The Opposite of Buddhism

Watch this video about life in the digital age:

http://www.pbs.org/wgbh/pages/frontline/digitalnation/view/

Okay here’s my thoughts:

On Drone Attacks

I had never thought about the people who pilot the drones in Pakistan.  That is seriously fucked up.  And while it’s great that we’re developing technologies that prevent our people from getting killed, I can’t see the end result as anything good.  In conventional warfare these would be great tools, but we’re using them for, going into neighborhoods half a world a way, spying on and killing the residents, it’s going to accomplish the opposite effect we’re looking for.  Great, we can precisely target a single terrorist and take them out without endangering a single American.  But we are endangering all the civilians in those areas, and all at the push of a button.  By some guy in a cubical in Las Vegas.  I imagine how I’d feel if that happened here.  If another nation decided to enforce it’s law in my country, and they didn’t even have to send people to do it.  There’s not even anyone to complain to, or to look in the eye, to plead with, to fight.  Where does all that helplessness get directed?  Do you just go about your day?  Or do you feel outrage, frustration, and anger?  Isn’t this exactly the opposite reaction we want?
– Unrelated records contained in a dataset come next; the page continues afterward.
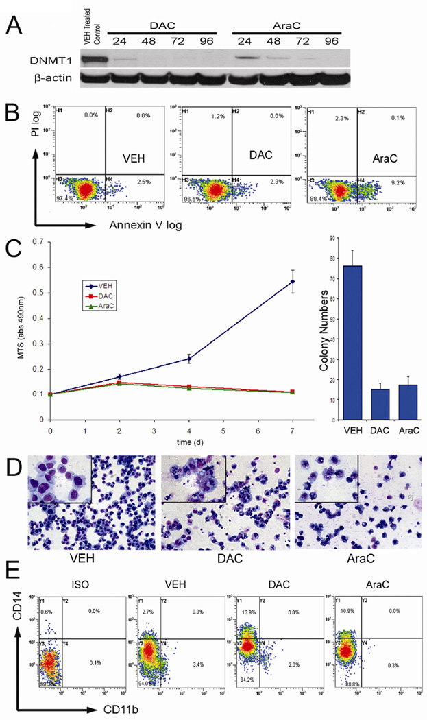 Suppression of apoptosis by TP53 mutation contributes to resistance of acute myeloid leukemia (AML) to conventional cytotoxic treatment. Using differentiation to induce irreversible cell cycle exit in AML cells could be a p53-independent treatment alternative, however, this possibility requires evaluation. In vitro and in vivo regimens of the deoxycytidine analogue decitabine that deplete the chromatin-modifying enzyme DNA methyl-transferase 1 without phosphorylating p53 or inducing early apoptosis were determined. These decitabine regimens but not equimolar DNA-damaging cytarabine upregulated the key late differentiation factors CCAAT enhancer-binding protein ɛ and p27/cyclin dependent kinase inhibitor 1B (CDKN1B), induced cellular differentiation and terminated AML cell cycle, even in cytarabine-resistant p53- and p16/CDKN2A-null AML cells. Leukemia initiation by xenotransplanted AML cells was abrogated but normal hematopoietic stem cell engraftment was preserved. In vivo, the low toxicity allowed frequent drug administration to increase exposure, an important consideration for S phase specific decitabine therapy. In xenotransplant models of p53-null and relapsed/refractory AML, the non-cytotoxic regimen significantly extended survival compared with conventional cytotoxic cytarabine. Modifying in vivo dose and schedule to emphasize this pathway of decitabine action can bypass a mechanism of resistance to standard therapy.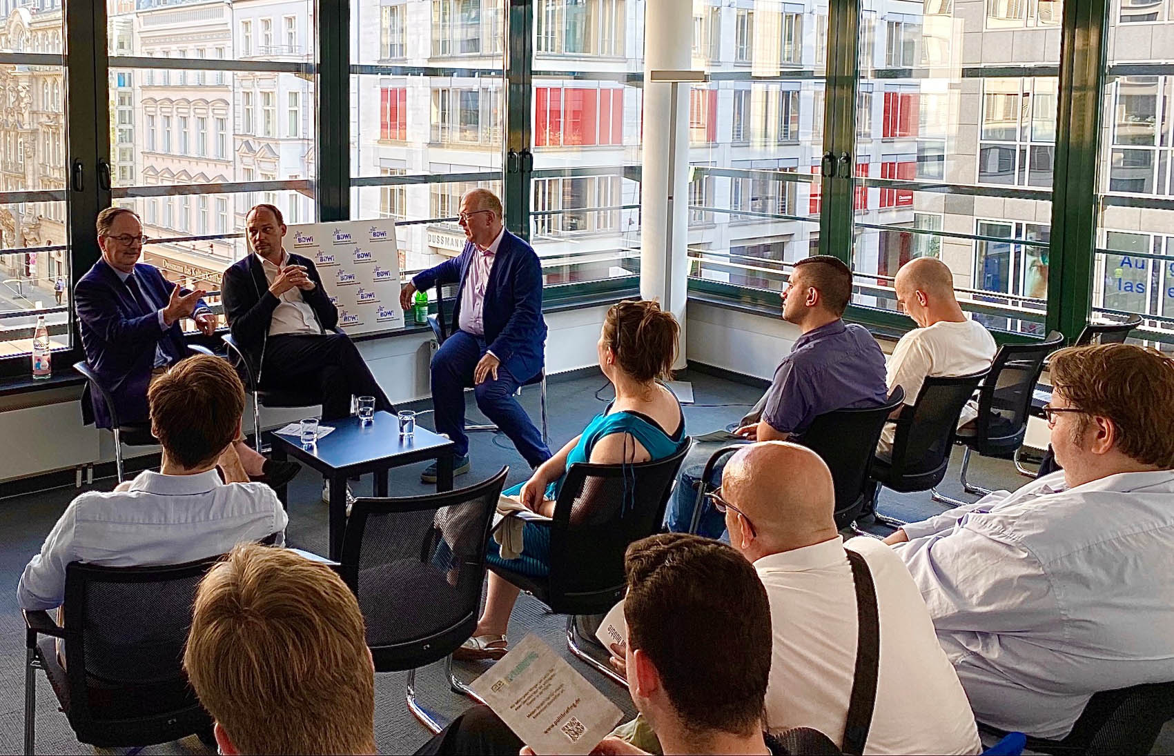 Der Bundesverband der Dienstleistungswirtschaft (BDWi) und die BdKom-Fachgruppe Verbände haben einen Talk zu Narrativen im Politikbetrieb mit Christian Koof (SKM Consultants) und Thomas Mühlnickel (ASK Agentur für Sales und Kommunikation) organisiert. Trotz der parlamentarischen Sommerpause und mehr als 30 Grad Außentemperaturen / im Veranstaltungsraum war es deutlich kühler / wurde engagiert diskutiert.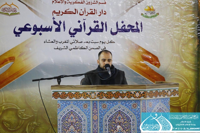 تيمّناً بذكرى ولادة الصادق الأمين محمّد"صلّى الله عليه وآله وسلّم " وحفيده سادس أئمة الهدى الإمام جعفر الصادق "عليه السلام", أقامت الأمانة العامة للعتبة الكاظمية المقدسة/ قسم الشؤون الفكرية والإعلام/ دار القرآن الكريم ضمن برنامجها المُعد لهذه المناسبات العطرة محفلاً قرآنياً في رحاب الصحن الكاظمي الشريف بحضور نخبة من أساتذة وقراء القرآن الكريم، وجمعٌ من زائري الإمامين الجوادين "عليهما السلام", وتُليت خلاله باقة من التلاوات القرآنية عطّرت بها أصواتهم الشجيّة أجواء الطهر والقداسة, حيث شارك فيها كلّ من القارئ مالك الدلفي، وعلي فلاح السوداني، والطفلة الحافظة فاطمة بختياري والطفل أمير حسين من الجمهورية الإسلامية الإيرانية، كما تخلل المحفل مشاركة فرقة إنشاد الجوادين، وتوزيع الشهادات التقديرية والهدايا على المشاركين.
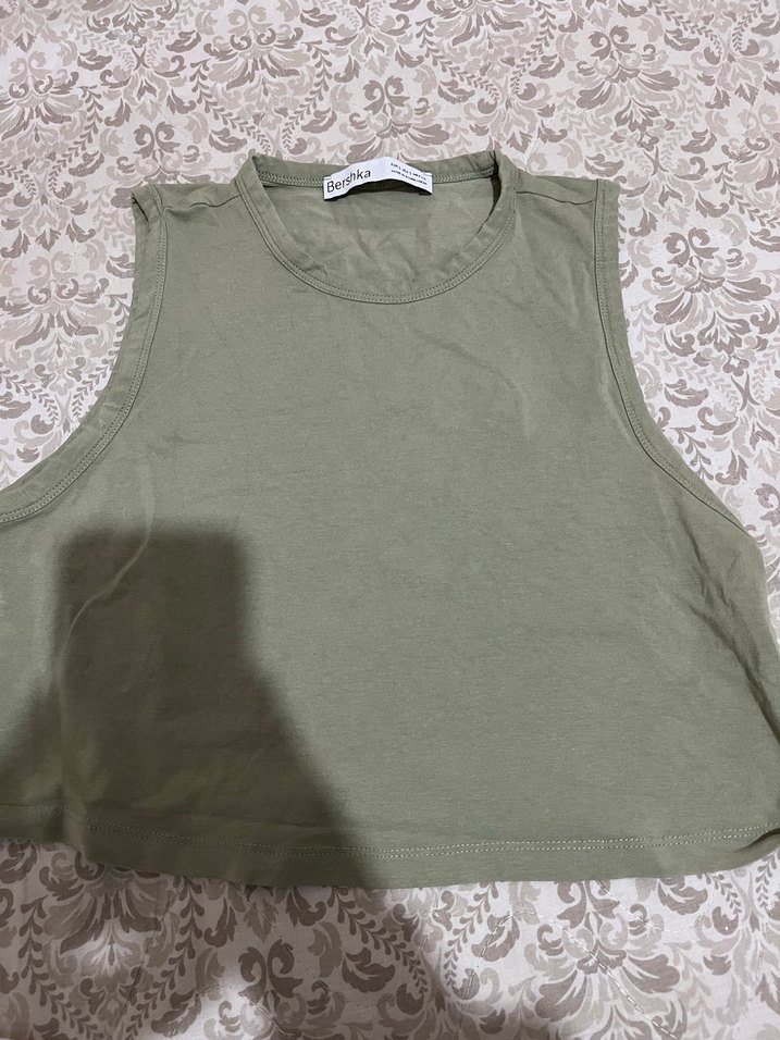 Yeşil keten kumaştan, kolsuz, yuvarlak yakalı, bol kesim mini atlet. Günlük kullanıma uygun, rahat sokak stili.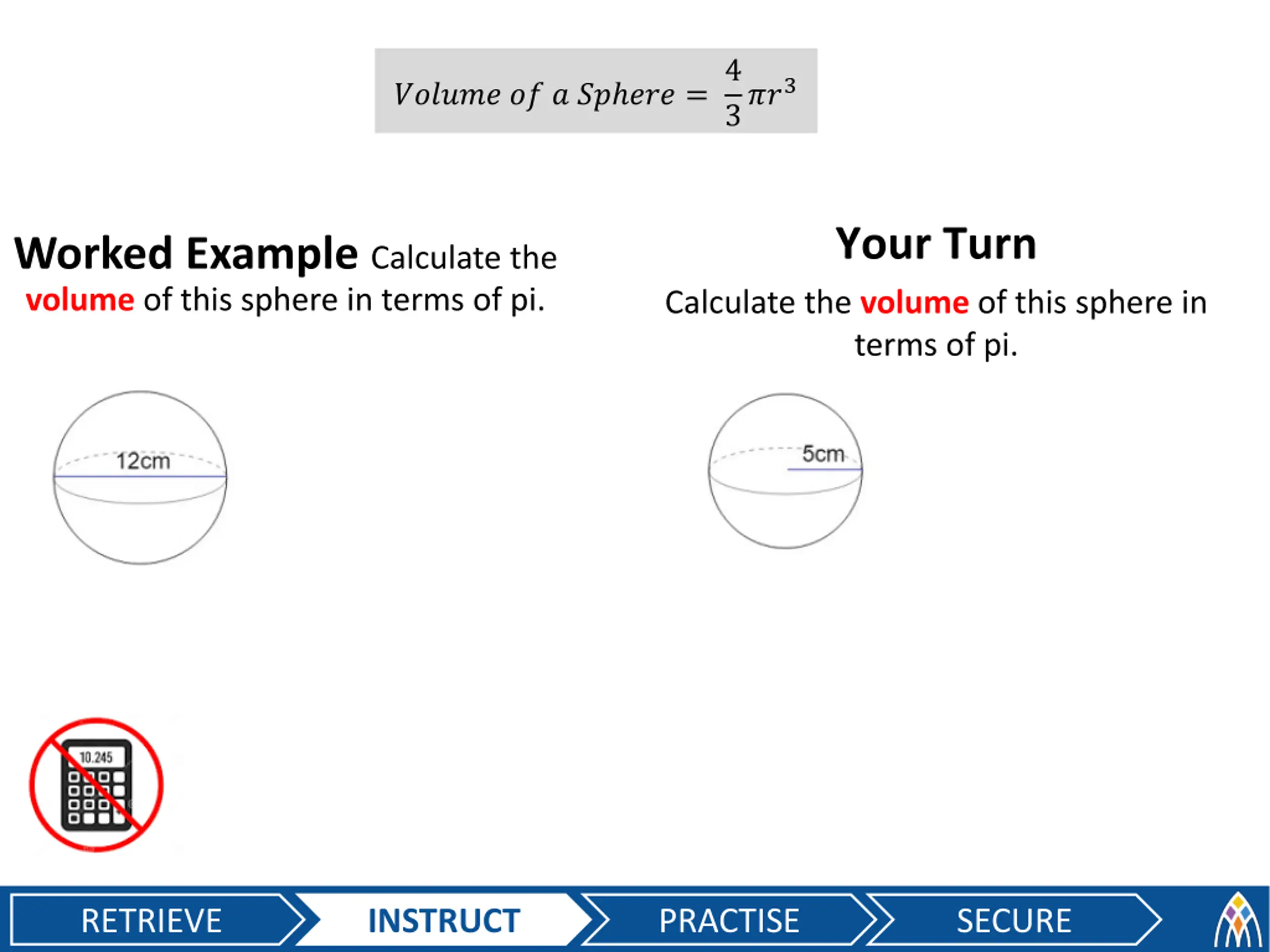 4 3??3 ?????? ?? ? ?? ??? = Your Turn Worked Example Calculate the volume of this sphere in terms of pi. Calculate the volume of this sphere in terms of pi. RETRIEVE INSTRUCT PRACTISE SECURE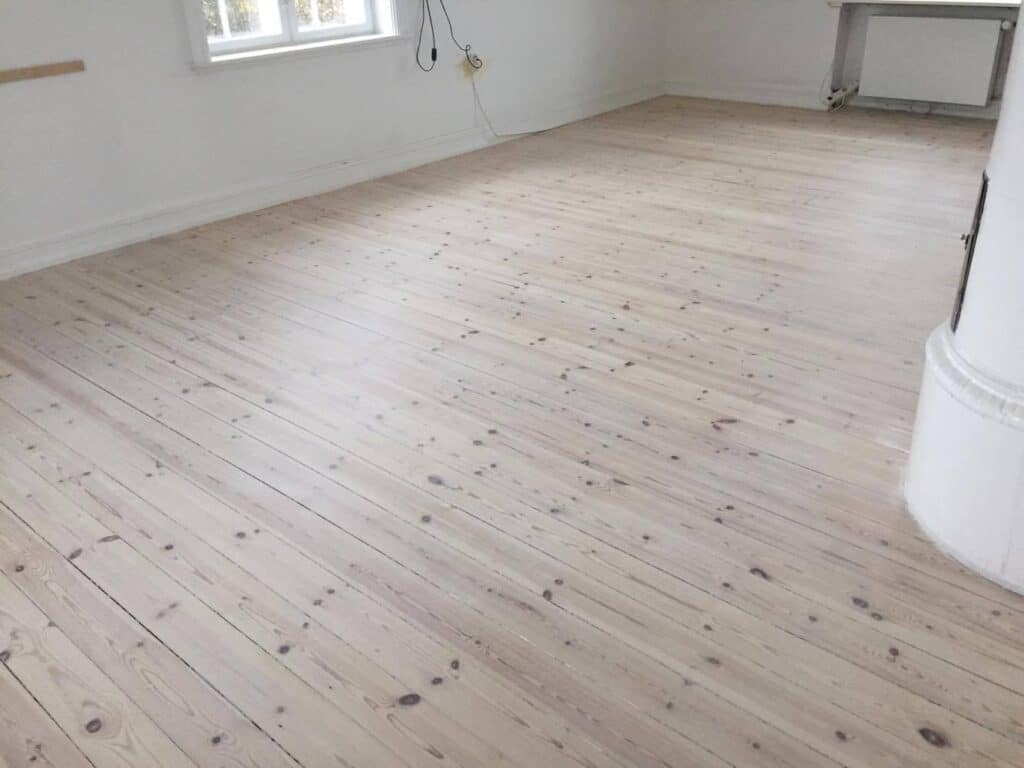 (Gulvet er efterbehandlet med hvid lud og hvid sæbe)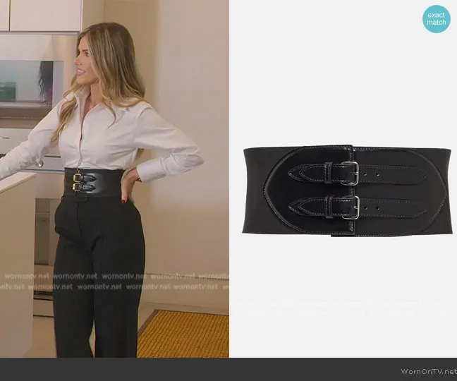 on Selling Sunset on Netflix was spotted wearing this black wide leather belt on Selling Sunset on episode 'Cat’s Out of the Birkin Bag' (8x03) in Sep 2024. 's Belt is the Buckled leather corset belt by Alaia.

On Video Games as Social Experiences

I dropped my video game addiction before World of Warcraft, but I still remember the pattern.  Inches from the screen, not blinking, not smiling, not flinching.  No emotion, just instincts, flicks of the wrist, and short sighs and stretches every death.  Night time is a clever illusion.  From around 9pm – 4am the sky never changes, so when the first bit of sun comes up, and that sickening feeling of “oh my god I am so tired and I spent the whole night playing games” hits, it’s already too late.  In my memory the social games were the worst.  Games where you are just running around killing people can only keep you going for so long, but if a game actually encourages you to forge friendships with your pixelated kill-buddies?  Forget it.  Social gaming is to death match as crack is to PBR.  That’s how I have always seen it.  However, this video talks about Second Life and World of Warcraft as if there is something redeeming to spending 18 hours a week of your life building relationships with people in an imaginary world.  I’m not so sure.  That sounds like giving up on First Life.  Maybe if I was completely locked down with a corporate job that I knew I’d be at for the next 30 years of my life I might allow myself to get that involved with a game again.  Surely that beats a crack addiction.  But from where I’m sitting, anything is better than a virtual experience.  And you’re kidding yourself if you think a conversation online is the same as in person.  It’s the same thing as unmanned drone warfare.  Where there is no human contact there is no risk and there is nothing human to be communicated.  And speaking of which, Second Life is a sloppy mess of culture placed in a blender and melted to a thick brown ooze.  That’s the problem with these virtual communities, there is no restriction on what can be built, so there is no identity, no culture, no roots.  People flit around between personalities and loyalties.  After all, you can be whoever you want, nothing is at stake, no one will ever confront you.  These are thin, superficial interactions, in a fantasy land of no correlation to the real world.  It has no meaning.  And there is no amount of time that’s worth spending on something meaningless.

On Focus

One thing I might possibly be able to attribute to our world of constant distraction is my lack of focus.  The internet allows me to switch up my focus so often that I don’t even have time to realize I’m not actually getting anywhere.  The instinct of instant gratification causes my brain to shoot off in all directions as soon it has the slightest whim.  Now the question is, given the option of instant gratification, or restricted possibilities, what being would choose the latter?  No one.  Technology has given us, for the first time, this choice.  And we can use it to be eternally distracted by possibilities, or to sit down and focus our selves on the things that really matter.  However I think we are all at a disadvantage, because by nature we’ve been drawn to distraction.  By now it’s been conditioned in us.  For myself, any time I have an idle moment, I find my fingers directing me to nytimes.com, or digg.com.  The real joke is that I hate the articles at digg.com, and I don’t read anything but headlines from nytimes.com.  This must be what the opposite of Buddism is.  Instead of being absorbed in a moment of conscious silence, we are pulled into a constant stream of distraction.  I’m not sure my western brain can even take meditation.  How am I supposed to check my gmail when I’m focusing exclusively on my breath?  What?  Thats the point??  What the hell is that supposed to mean??